[Work to be completed] Every line from the one holding "Stagehand is an" to the end of the entries should be repeated exactly, with the pictures left out.

[The input]
Segment Open

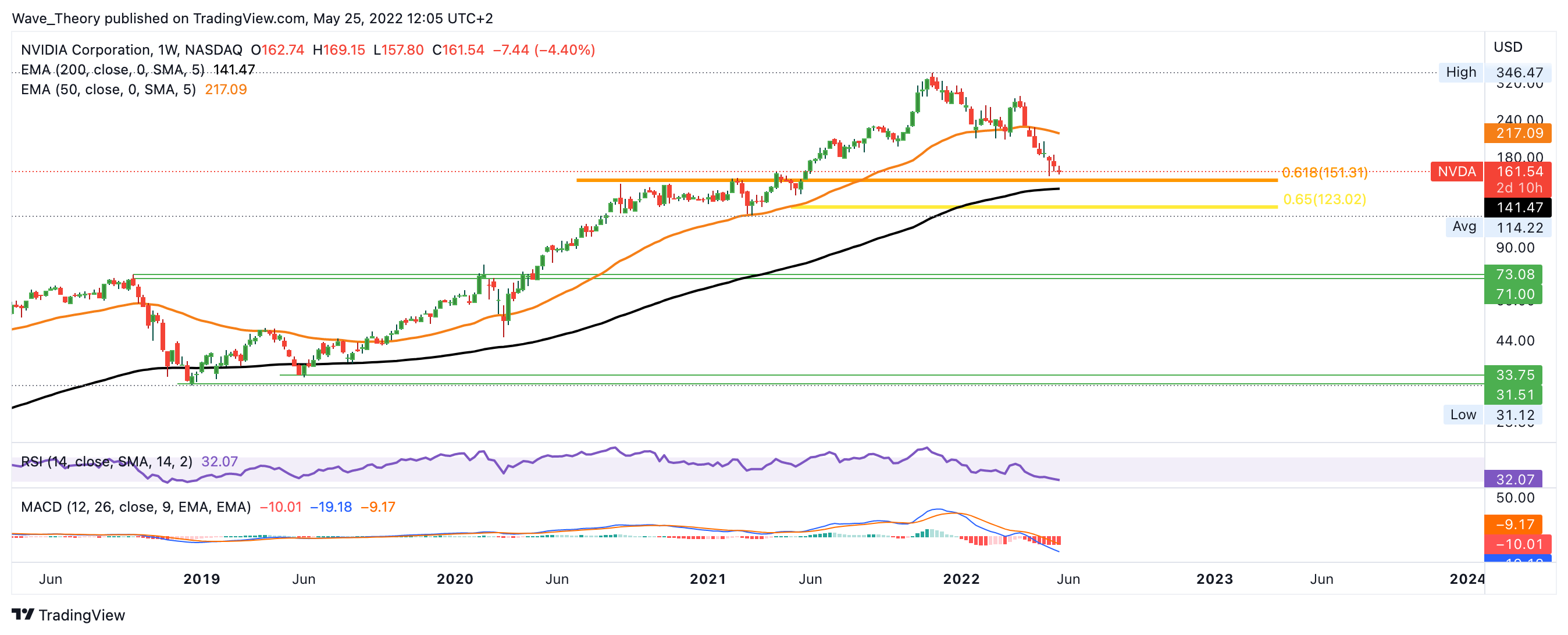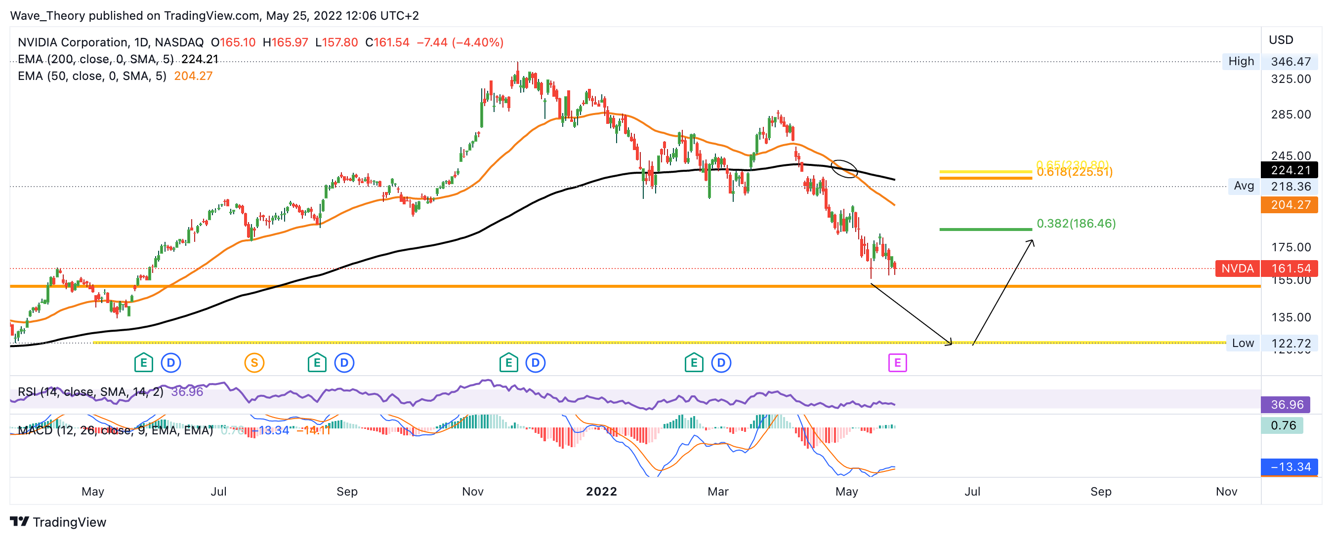 Der NVIDIA Kurs prallte von Januar bis April sehr stark am 0,382 Fib Niveau ab und stieg in Zuge dessen rund 35 %. Im April fiel der NVIDIA Kurs jedoch sehr stark und brach das 0,382 Fib Niveau bärisch, womit sich der NVIDIA Kurs auf dem Weg zur Golden Ratio Unterstützung bei rund zwischen 120 – 150 USD bewegt.
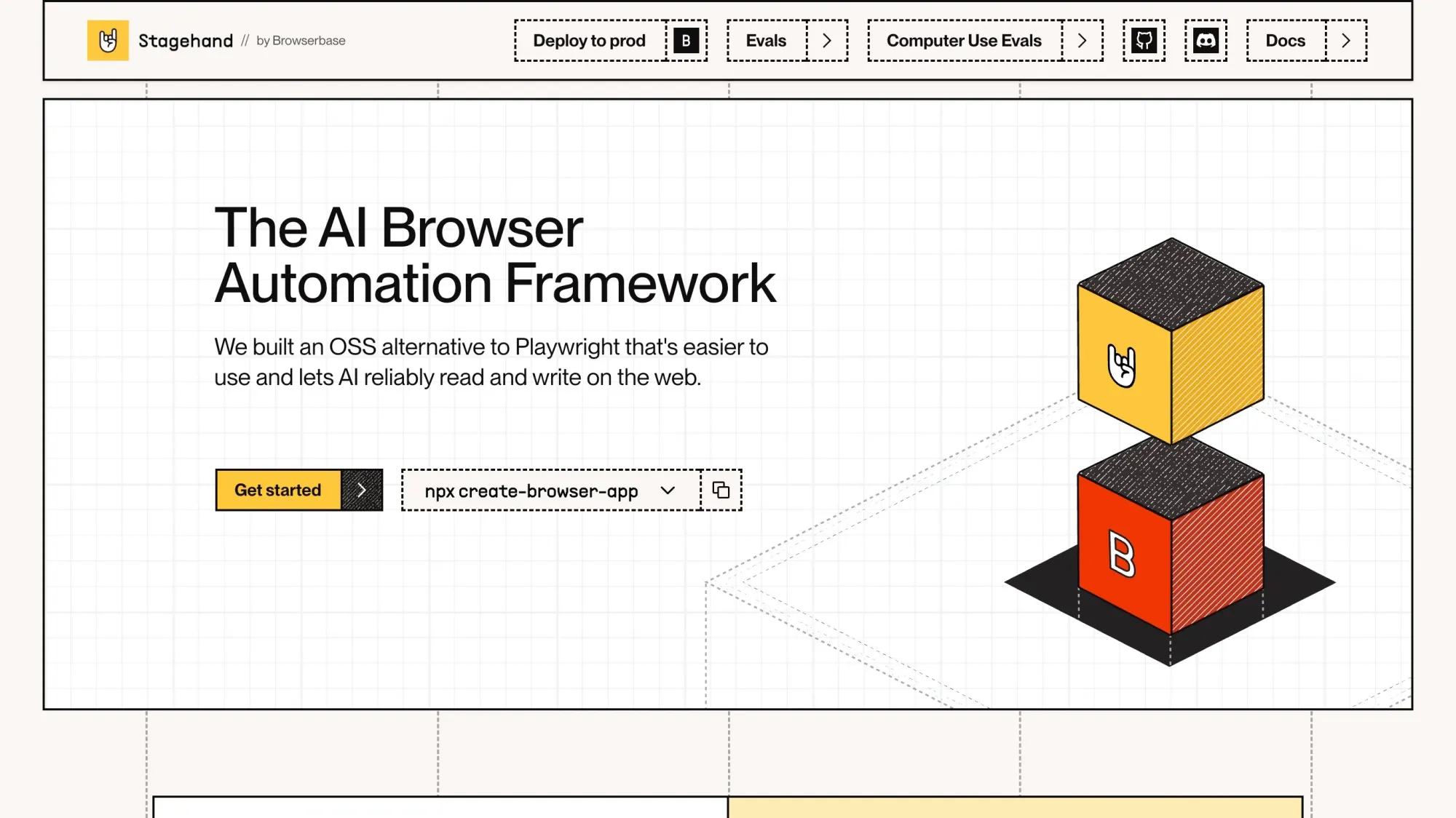 Stagehand is an AI-native, open-source browser automation framework that’s fully compatible with Playwright, but easier to write and significantly more reliable on volatile pages by combining deterministic, atomic actions with LLM adaptability. Built for developers who want the predictability of code without the brittleness of traditional tooling, it delivers repeatable automation, fast performance, and a natural-language-friendly API for extraction and action.
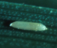 - Typical damage is degenerated tissue along the inner margins of emerging leaves.
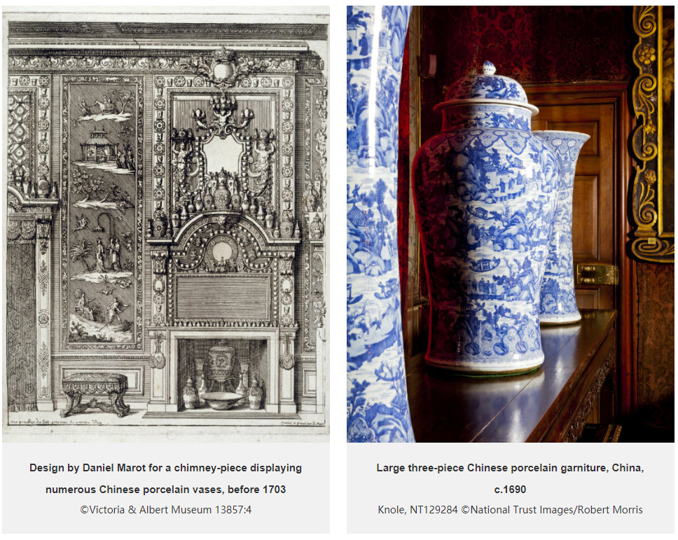 In the 1650s, the demand for garnitures soared thanks to changes in interior design. With the introduction of smaller-scale chimney surrounds, a more prominent mantelpiece provided a focal point for small luxury goods.
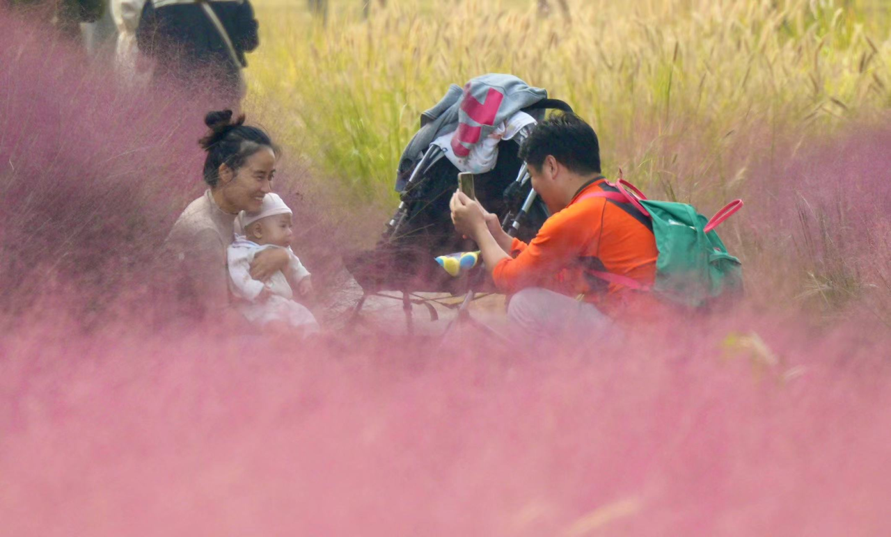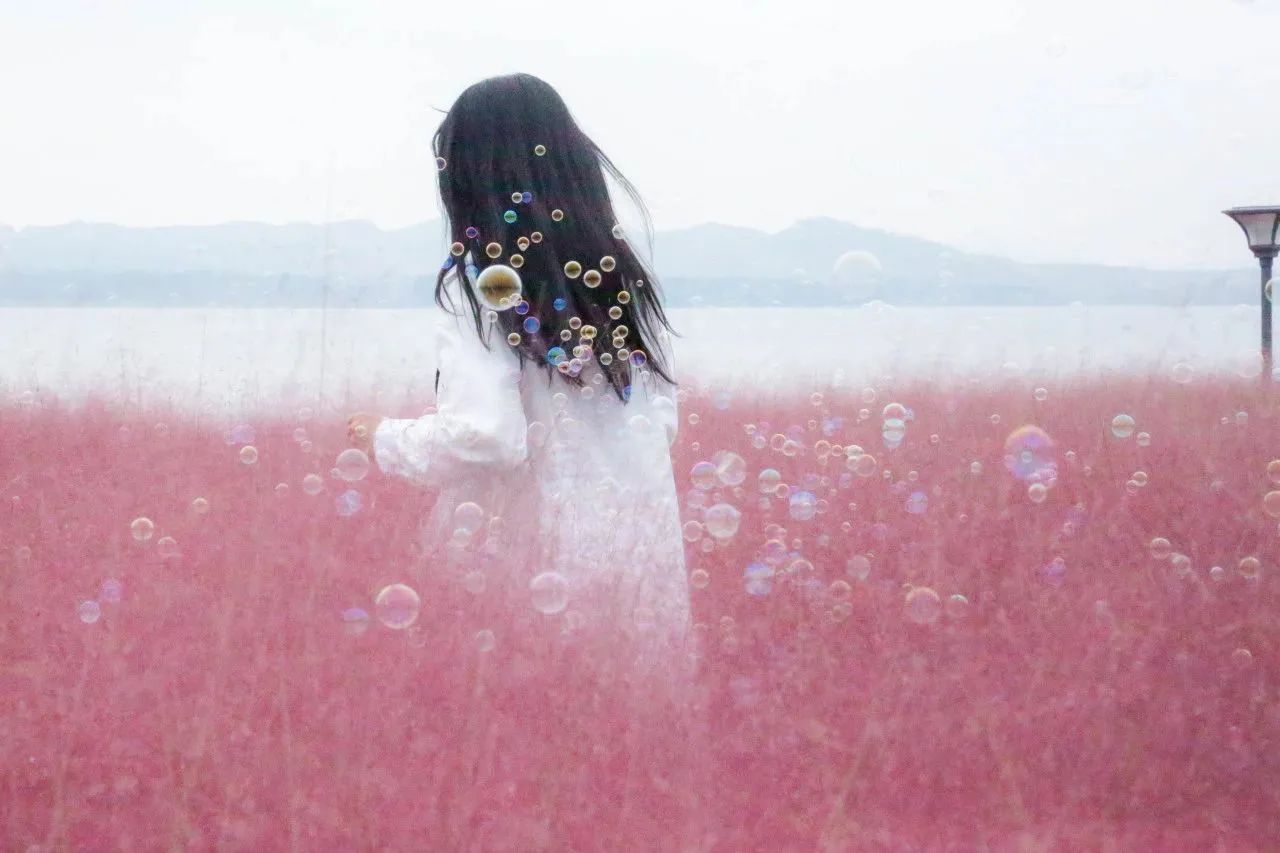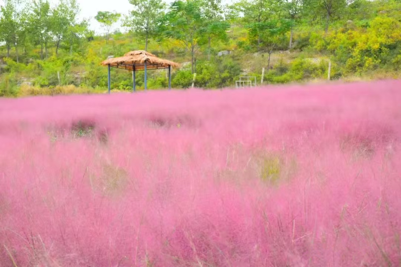 粉黛草根茎柔软 从远处看毛茸茸的 微风拂过 一片粉嘟嘟的海洋随风晃动 似棉花、似云朵 令人一眼就跌进童话仙境

Segment Closed

[Response]
 Stagehand is an AI-native, open-source browser automation framework that’s fully compatible with Playwright, but easier to write and significantly more reliable on volatile pages by combining deterministic, atomic actions with LLM adaptability. Built for developers who want the predictability of code without the brittleness of traditional tooling, it delivers repeatable automation, fast performance, and a natural-language-friendly API for extraction and action.
 - Typical damage is degenerated tissue along the inner margins of emerging leaves.
 In the 1650s, the demand for garnitures soared thanks to changes in interior design. With the introduction of smaller-scale chimney surrounds, a more prominent mantelpiece provided a focal point for small luxury goods.
 粉黛草根茎柔软 从远处看毛茸茸的 微风拂过 一片粉嘟嘟的海洋随风晃动 似棉花、似云朵 令人一眼就跌进童话仙境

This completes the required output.